D’Ippolito (M5S) incalza il commissario Cotticelli, “basta tagliare i servizi, intervenga il viceministro Sileri”

È inaccettabile l’ulteriore penalizzazione dell’ospedale di Lamezia Terme con l’ennesimo insensato declassamento, stavolta del Laboratorio di patologia clinica

«Il commissario alla Sanità calabrese, Saverio Cotticelli, ha il dovere di salvaguardare la Rete dei laboratori pubblici, di fatto decimata da provvedimenti che privilegiano gli aspetti economici comprimendo il diritto alla salute. È inaccettabile l’ulteriore penalizzazione dell’ospedale di Lamezia Terme con l’ennesimo insensato declassamento, stavolta del Laboratorio di patologia clinica». Lo afferma, in una nota, il deputato M5S Giuseppe d’Ippolito, che tuona: «A riguardo, il collega Francesco Sapia, cui senz’altro mi associo, insieme al consulente Tullio Laino si è già mosso con estrema prontezza e con puntuali rilievi tecnici e giuridici che il commissario alla Sanità regionale ha promesso di considerare alla svelta.
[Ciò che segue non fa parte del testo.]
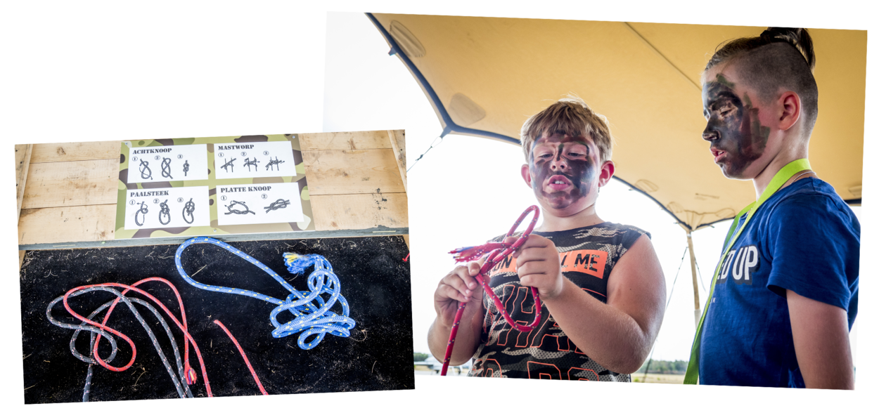 Onder hen veel toeristen, die in de omgeving Utrechtse Heuvelrug op vakantieparken verblijven. Zoals gezin Withaar uit het Groningse Scheemda. Zoon Damian (9) hoeft maar 1 knoop te leggen, maar tovert er zo 3 tevoorschijn. “Z’n opa zal wel trots op hem zijn. Die is ook militair”, vertelt vader Robert.

Vedremo se Cotticelli farà retromarcia e in ogni caso non molleremo la presa. In quanto alla spoliazione dell’ospedale lametino, da ultimo con il trasferimento del centro di Neurogenetica a Catanzaro, qui – ammonisce il deputato M5S – bisogna fermare tutto, perché le decisioni non si prendono a discapito dei territori, peraltro ignorandone i rappresentanti istituzionali. Voglio essere chiaro e lo ribadirò al nostro viceministro Pierpaolo Sileri: di certo la struttura commissariale non è stata nominata per tagliare i servizi e non può colpire il Lametino con l’appoggio della commissione straordinaria dell’Asp di Catanzaro». «Si tratta, quindi, di sedersi ad un tavolo istituzionale – prosegue il parlamentare del Movimento 5 Stelle – e di riorganizzare da subito le reti dell’assistenza, tenendo conto dei bisogni e delle specificità territoriali. Lamezia Terme e il suo comprensorio non sono figli di un dio minore. Per questo, chiederò al viceministro Sileri – conclude D’Ippolito – di richiamare a stretto giro la struttura commissariale in modo che si disponga all’ascolto e alla concertazione, al fine di rilanciare in concreto la sanità del luogo».